Keuze Henk Tijdink: Jaap Fischer – Sprookje (1962)

Mijn waardevolle geschiedenislessen

Geschiedenis was nooit mijn favoriete vak op de middelbare school. Als tiener zag ik de relevantie niet zo van alle zaken die in het geleden gebeurd waren. Het was wel interessant om te horen over de levenswijze van de Kaninefaten. Of over de strijd tussen de Britten en de Afrikanen in de Boerenoorlog. Maar het lukte me eenvoudigweg niet om de feiten in mijn hoofd te krijgen. Bijkomend probleem was logischerwijs ook dat ik ze ook niet uit mijn hoofd kreeg op het daartoe geëigende examen. Zodra het kon heb ik geschiedenis dan ook laten vallen.

Het waren de mooie en vrije jaren ’90. Op school kon er nog gewoon gerookt worden bij de ingang en tijdens de schoolfeesten werd er geen drank geschonken, maar drank kon nog vakkundig binnengesmokkeld worden. Tijdens de lessen Duits werd er soms geschaakt tussen de leraar en een slimme leerling. De inzet: wel of geen schriftelijke overhoring. We waren allemaal erg blij met Werner als klasgenoot. Hij heeft ons heel wat overhoringen bespaard.

Bij wiskunde A (bij wiskunde B vast ook) kregen alle leerlingen een snipperkaart. Tien keer per jaar mochten we een les missen zonder opgaaf van reden. De leraar, mijnheer Kriens had echter geen registratiesysteem voor alle leerlingen die ook hun snipperkaart vergeten waren… En bij geschiedenis bestond een deel van de lessen van mijnheer Kieft uit het zingen van het repertoire van Jaap Fischer (later Joop Visser). Het Ei En Cipier waren favorieten en nu, na 25 jaar, kan ik deze nog woord voor woord voordragen. Later leerde ik het bijzondere Sprookje kennen.
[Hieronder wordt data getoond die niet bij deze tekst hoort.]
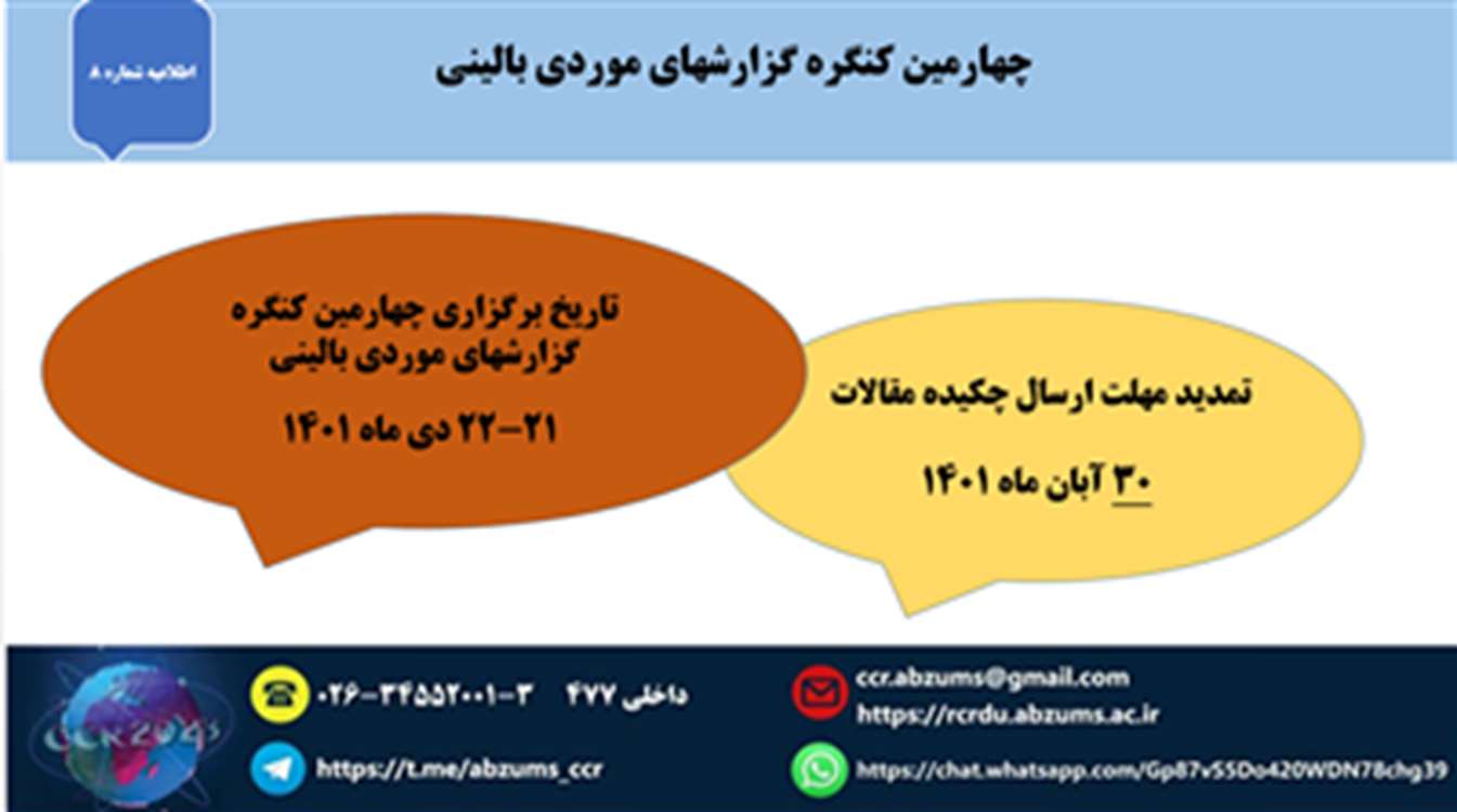 به گزارش دبیرخانه کنگره، به اطلاع میرساند بنا به استقبال گسترده از چهارمین کنگره ملی گزارشهای موردی بالنی مهلت ارسال مقالات تا 30 آبان ماه 1401 تمدید گردید.
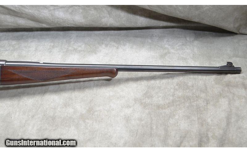 Description: Good workhorse Model 99 from 1950. The rear sight has been removed to accommodate the use of the Williams peep. Wood has nice grain and metal is in good shape. .300 Savage SOLD Curio/Relic: Yes Chambers: 6 Metal Condition: Good. Blue wear around the muzzle and some scattered shallow pits on the receiver. Wood Condition: Good. Nice grain and stands proud of the metal. There are a number of shallow scratches on all surfaces. One bad one on the left side of the forearm. Bore Condition: Shiny and bright with good rifling. Barrels: 24 inch. Triggers: Factory trigger. Stock Dimensions: 13-1/8 inch LOP. Fore End: Schnabel. Butt Pad: Steel plate. Weight: 7 lb - 8 oz Sights: Gold bead and Williams peep sight. Item Location: Rogers |
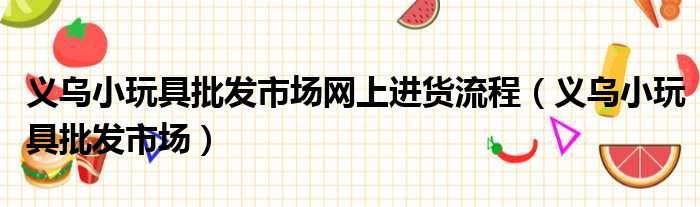 义乌小玩具批发市场网上进货流程(义乌小玩具批发市场)
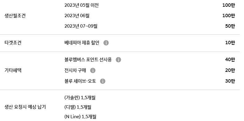생산 월 조건에 따라서 최대 200만원의 할인도 추가로 받을 수 있습니다.
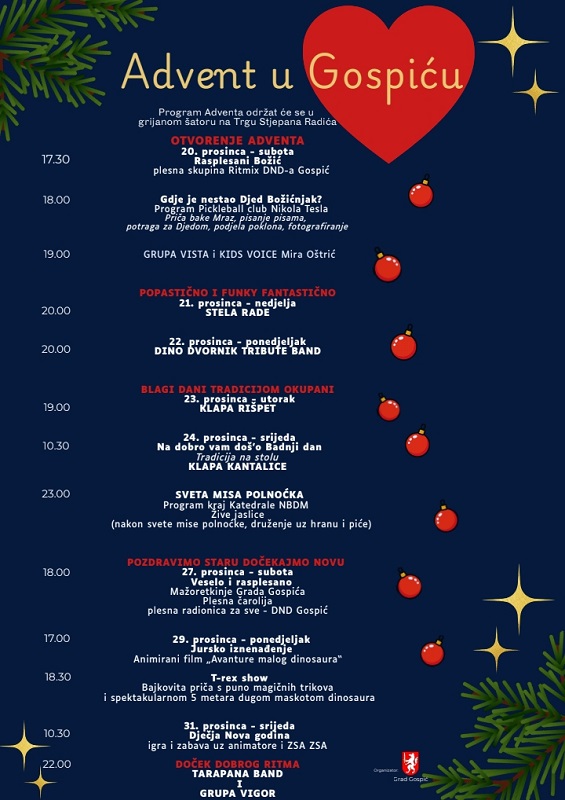 Objavljeno: 07/12/2025GOSPIĆ- “Advent u Gospiću” ove godine u vremenu uoči blagdana donosi mnoštvo glazbenih i zabavnih sadržaja, a posebno onih koji će razveseliti najmlađe. Otvorenje je u subotu 20. prosinca uz Grupu Vista i finalisticu Kids Voicea Miru Oštrić, dolazak djeda Mraza, pisanje pisama njegovoj družici baki Mraz i mnoge druge aktivnosti namijenjene djeci.
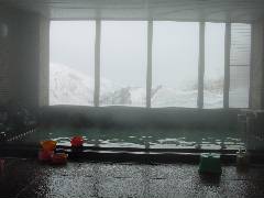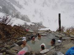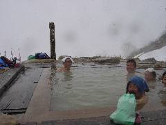 で、こちらの仙気の湯へ入湯。 気持ちよさそうに見えますがなんと温度34.6℃。 冷たい雪が降り、時たま雷も鳴っていました。 着替えには相当覚悟が必要でした。 |
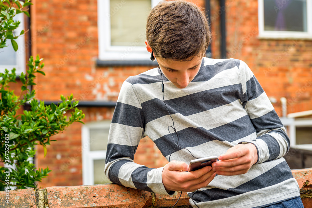 teen boy with smart phone listening or talking while sitting in british backyard garden. teenager and social media concept

Een klein verhaaltje over een prinsesje die zich afvraag wat de liefde is. In 3 minuten wordt het belicht vanuit drie invalshoeken.
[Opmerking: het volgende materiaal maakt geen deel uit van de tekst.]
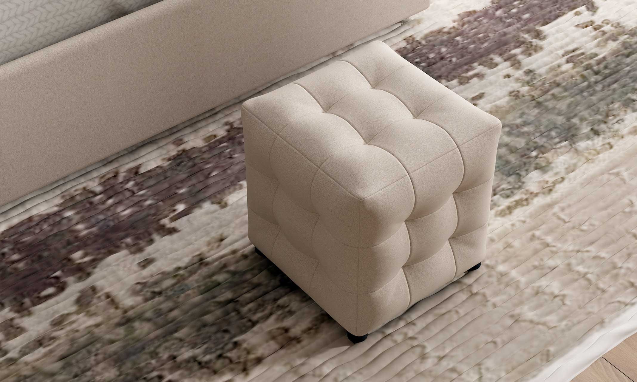 Стильный и удобный пуф. Корпус выполнен из ДСП и МДФ. Со всех сторон пуф покрыт обивочным материалом. Дополнит любую кровать из нашей коллекции. На пуф можно положить белье и покрывало от вашей кровати. Он прекрасно впишется в любой интерьер.
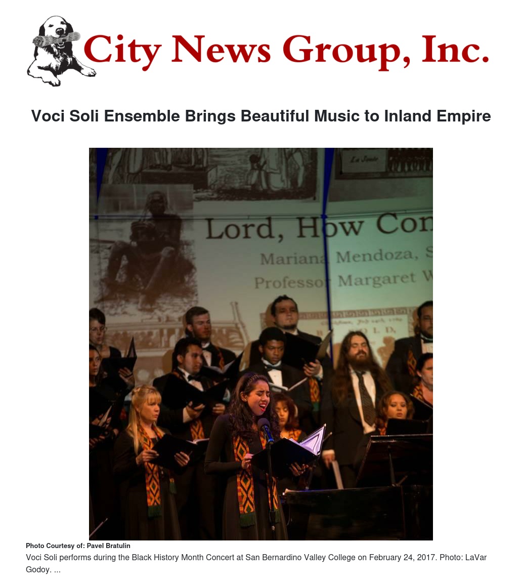 Voci Soli Ensemble Brings Beautiful Music to Inland Empire by Pavel Bratulin - City News Group, Inc.
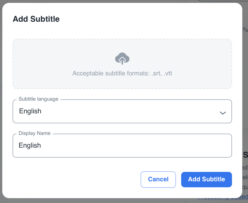 按下「新增字幕」按鈕將顯示上傳字幕文件的窗口。
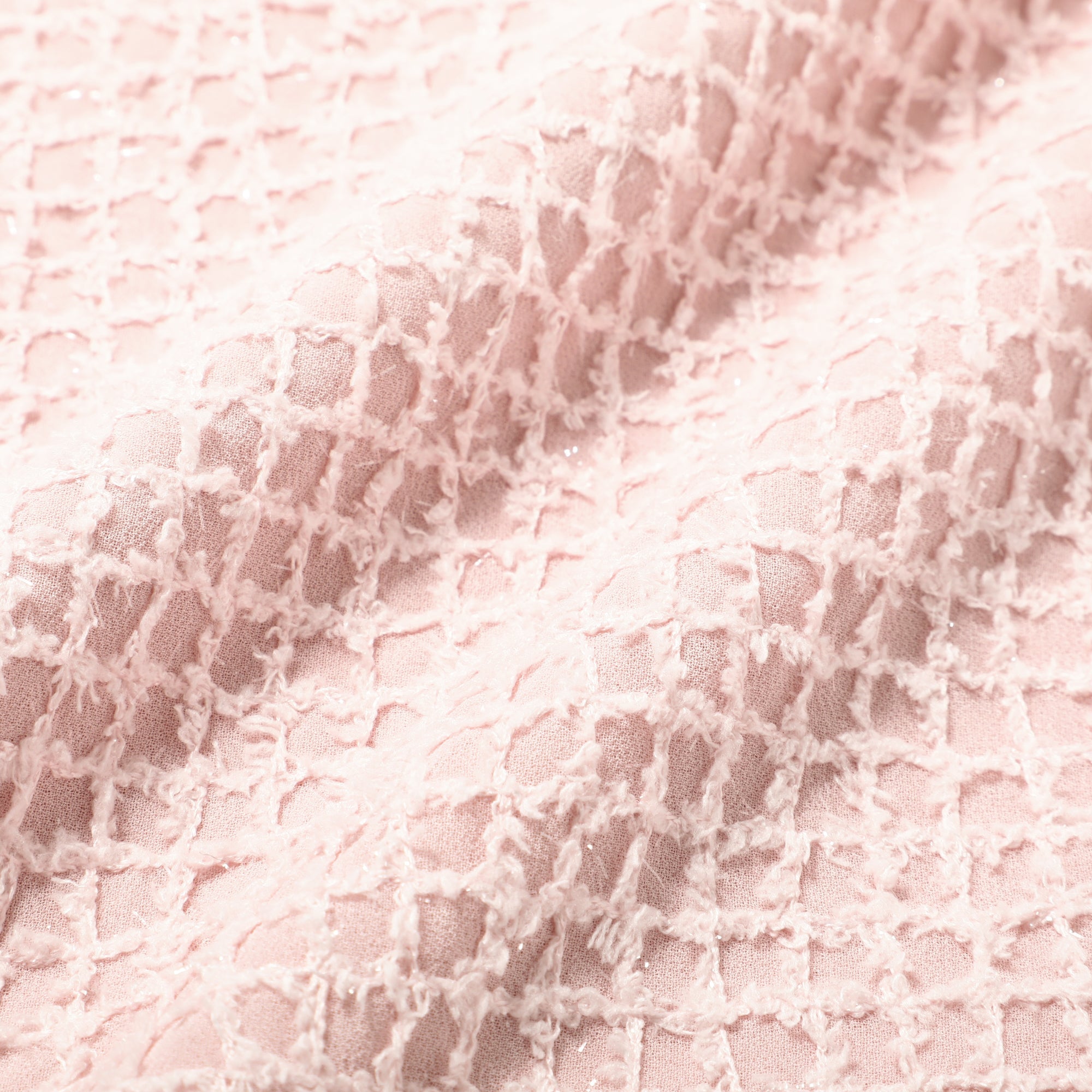 きらきらとした起毛感のある糸を使用し、細かなチェッカー模様を表現したクッションカバーです。シフォンのような薄手でマットな生地を使用していることで、柔らかな印象を与えます。

Cynici zullen zeggen dat de onderwijstijd op school beter besteed had kunnen worden. Maar het zijn mooie herinneringen. Nu ik zelf voor de klas sta besef ik heel goed dat er altijd kennis blijft hangen van de schoollessen. Vaak relevante kennis, soms ogenschijnlijk zinloos.

Maar het is niet zinloos. Want zonder de geschiedenislessen van mijnheer Kieft zou ik de muziek van Jaap Fischer waarschijnlijk nooit hebben leren kennen en was dit blogje nooit geschreven.
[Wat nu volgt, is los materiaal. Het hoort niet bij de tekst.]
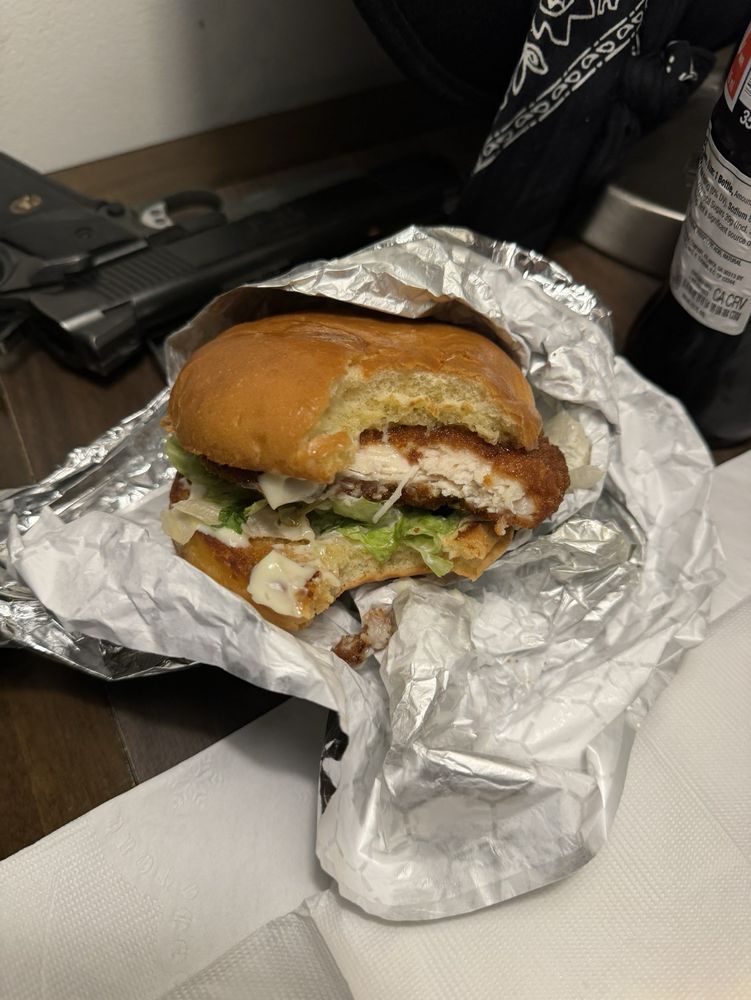 Crispy chicken breast topped with lettuce, tomato, pickles, and mayo on a toasted brioche bun.
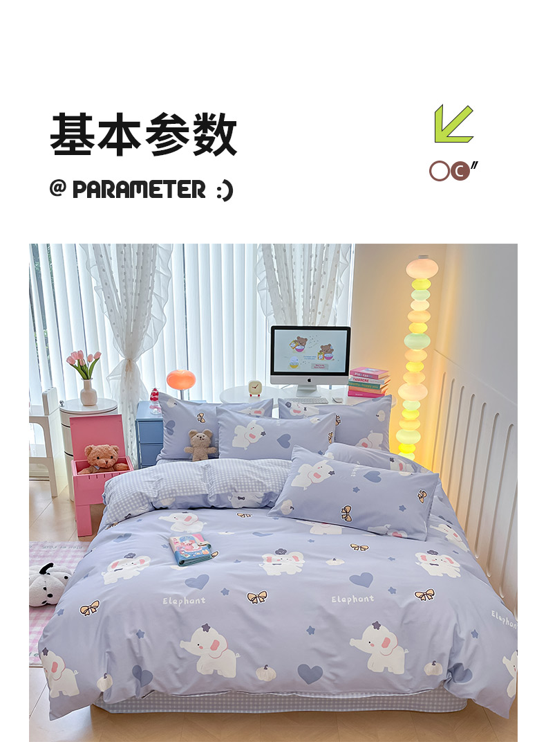 商品名称:晨希家居 2024新款全棉卡通活性印花四件套小象童话

Keuze Willem Kamps: UFO – Prince Kajuku (1971)

Koninklijke Hoogheid

Perry Como zong het al in in 1957: catch a falling star and put it in your pocket. Perry bewaarde de ster voor a rainy day. Als je dan met kutweer thuiszit en je haalt je ster (ik bedoel: die ster uit je broekzak) tevoorschijn, dan vrolijk je de boel weer op. Dezelfde openingszin werd veertien jaar later gebruikt door Phil Mogg, leadzanger van UFO, overigens in een geheel ander liedje: Prince Kajuku. Daar dient de ster als bescherming tegen Prince Kajuku, een onvriendelijk personage van ‘ergens’ in de ruimte, outta space.

Prince Kajuku staat op de tweede langspeler van UFO, UFO 2, met als ondertitels Flying en One Hour Space Rock. Mijn oudste broer kwam er op een goeie dag mee thuis, tezamen met Saturday Morning Pictures van Stray, beide veelvuldig gedraaid in de ouderlijke huiskamer – Bedankt mam, bedankt pap, dat jullie dat al die jaren hebben toegelaten. Over Stray, ook zeer ondergewaardeerd, een andere keer. UFO komt, net als Stray, uit Engeland, bestaat sinds 1968 en viert dit jaar dus het gouden jubileum als band.

Zanger Phil Mogg en drummer Andy Parker maken al die jaren deel uit van de band, die aanvankelijk Hocus Pocus heette. Nadat ze in de club UFO werden ontdekt, werd uit dank die naam overgenomen. Mogg is inmiddels 70 en zal waarschijnlijk in terminale toestand nog op het podium staan, ondanks of wellicht dankzij de goede en mindere periodes die hij met UFO heeft meegemaakt. De meest succesvolle was met gitarist Michael Schenker, afkomstig van The Scorpions, die onder andere Doctor Doctor en Rock Bottom  opleverden. Maar Schenker is een eigenwijs stuk vreten wat leidde tot meerdere breuken en evenzovele reünies met UFO. Nou ja, vooralsnog een reünie minder.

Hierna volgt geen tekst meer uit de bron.